Two on the Trail: A Story of the Far Northwest

Chapter 13

Chapter 134,250 wordsPublic domain

Meanwhile the wound momentarily changed. The arm began to swell and darken; and Garth knew there was no time to lose. He made one attempt to proceed, kneading the flesh of the arm very gently to explore the broken ends of the bone--but Natalie's piteous cry of pain completely unmanned him. He desisted, shaking like a leaf, and sick with compassion; and he knew he would never be able to do it.

What seemed like an age passed; though it was no more than a few minutes. He was bending over her, doing what little he could to ease her pain; and with knotted brows rapidly considering, and rejecting, one after another, the desperate expedients that suggested themselves. Suddenly looking up he perceived among the trees, at the distance of a few paces, Rina standing. Hot anger instantly welled up in his breast, and made a red blur before his eyes. Rina's sex was no protection to her then. He picked up his gun.

Observing the action, Rina mutely spread her hands, palms outward. Her entire aspect had changed; the storm of passion had passed; and she stood contrite and sullen. It was impossible for the blindest passion to shoot at a figure in such an attitude. Garth lowered his gun; but he still kept it across his knees, and his face did not relax. The woman was loathsome to him.

"What do you want?" he demanded coldly.

Rina came a little closer. "I sorry," she said sulkily--like a child unwillingly confessing a fault. "I t'ink I go looney for a while. I not hear right. I t'ink she try to tak' my 'osban' from me!"

Garth glanced at the suffering Natalie with contracted brows. "That's all very well!" he said bitterly. "But it can't undo what's done!"

"I can mak' her well, maybe," said Rina, still affecting indifference. "I know what to do. My mot'er, she teach me. If you let me look at her, I tell you."

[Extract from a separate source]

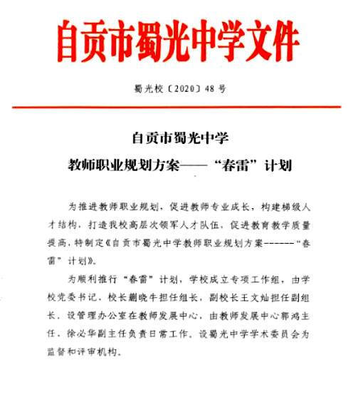 两年前,四川省自贡市蜀光中学推出《教师职业规划方案——春雷计划》,重点从新手孵化、骨干培养和名师打造三个层面为教师量化考核专业业绩,量身定制职业规划发展。两年以来,上百名教师从中获得职业成长,学校更在省、市两级课堂教学大比武、论文大赛等赛事中夺得多个第一。

A wild hope sprang up in Garth's breast. If the girl were only able to help Natalie, his hate of her could very well content itself a while. But dare he trust her? With keen, hard eyes he sought to read her face. Her own eyes avoided his; and she made a picture of savage indifference; but as he looked he saw two great tears roll down her cheeks. In his desperate situation it was well worth the risk.

Raising his gun, he said coldly: "You may look at her. If you try to injure her, I will send a bullet through your head."

Receiving the permission, Rina came forward, careless of the threatening gun; and dropped to her knees beside Natalie. She examined the wound on both sides; and felt of the fracture with delicate fingers. To judge of the normal position of the bones, she manipulated her own arm. Garth never took his eyes from her; but she was tenderer with the patient than he could have been.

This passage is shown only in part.